┏━━
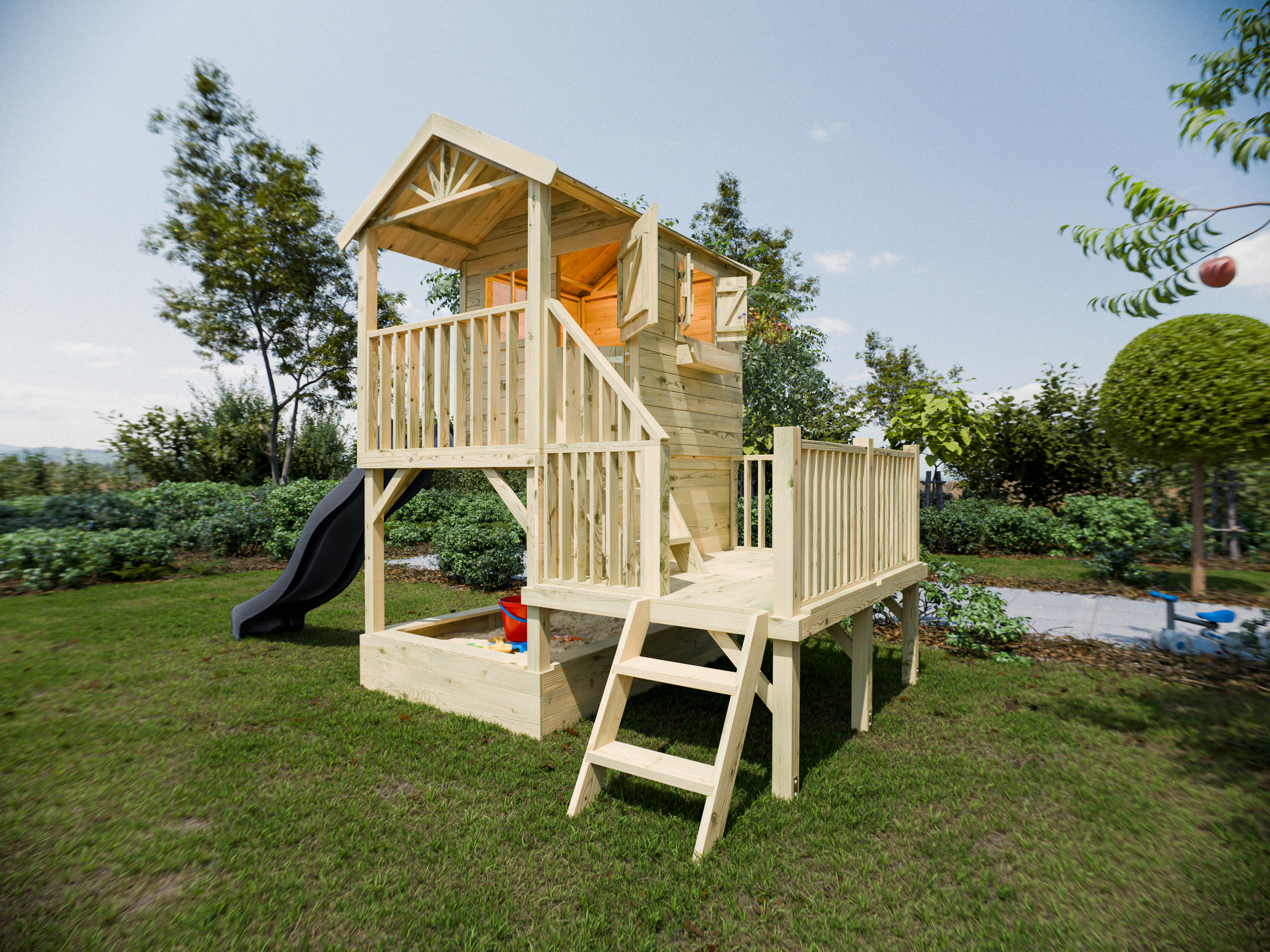 Das große Stelzenhaus mit großzügigem Seitenpodest lässt Kinderherzen höher schlagen.
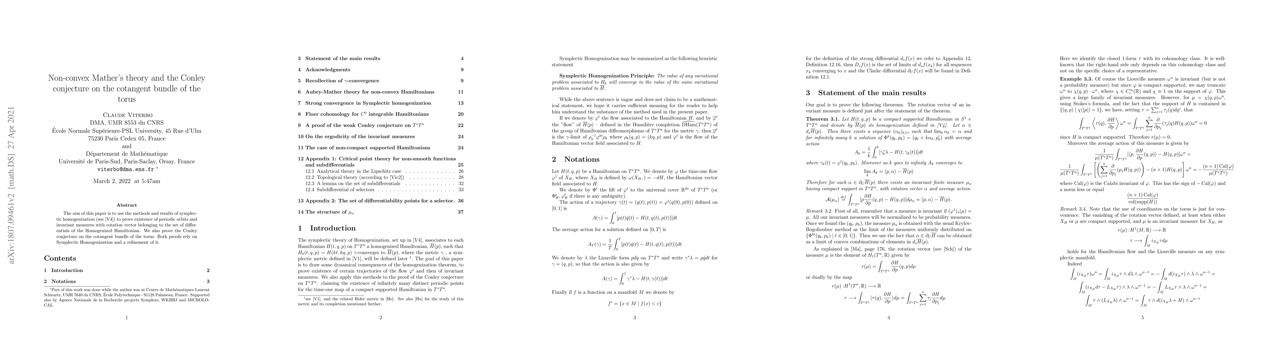 This paper proves the Conley conjecture on the cotangent bundle of the torus using Symplectic Homogenization, a method that creates periodic orbits and invariant measures with rotation numbers depending on the differential of the Homogenized Hamiltonian.
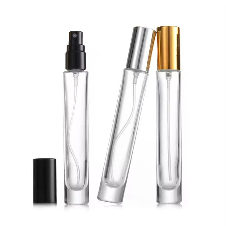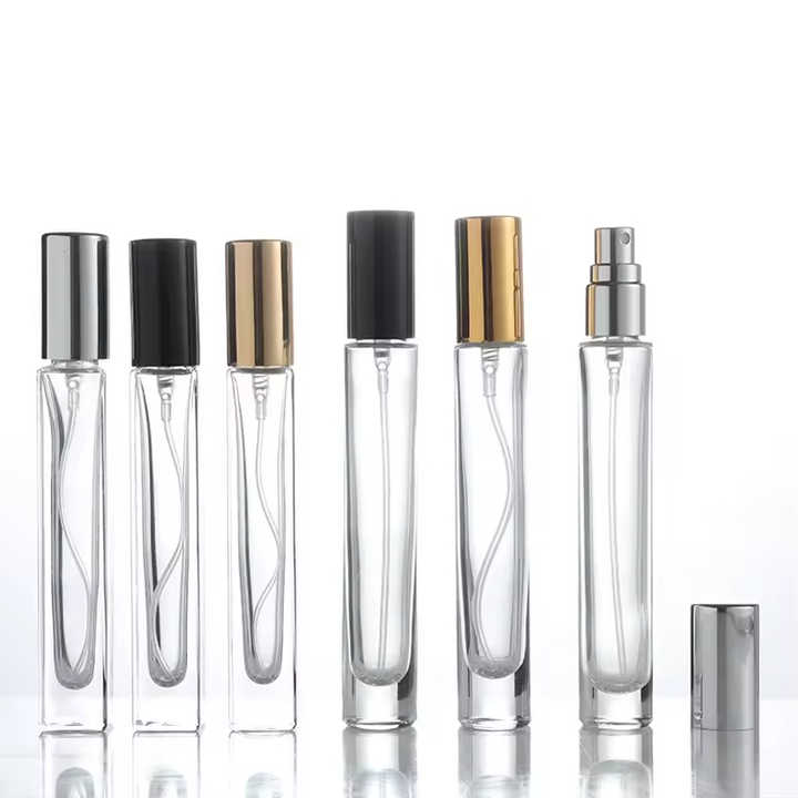 ขวดน้ำหอมแก้วคุณภาพสูงหรูหราขนาด 10 มล. รูปทรงสี่เหลี่ยม/ทรงกลม แบบเติมได้ พร้อมหัวฉีดสเปรย์อะลูมิเนียมและฝาปิด
┗━━
ACTIVITY —
Word for word, restate the material above; do not carry over the pictures.

WRITTEN ANSWER —
 Das große Stelzenhaus mit großzügigem Seitenpodest lässt Kinderherzen höher schlagen.
 This paper proves the Conley conjecture on the cotangent bundle of the torus using Symplectic Homogenization, a method that creates periodic orbits and invariant measures with rotation numbers depending on the differential of the Homogenized Hamiltonian.
 ขวดน้ำหอมแก้วคุณภาพสูงหรูหราขนาด 10 มล. รูปทรงสี่เหลี่ยม/ทรงกลม แบบเติมได้ พร้อมหัวฉีดสเปรย์อะลูมิเนียมและฝาปิด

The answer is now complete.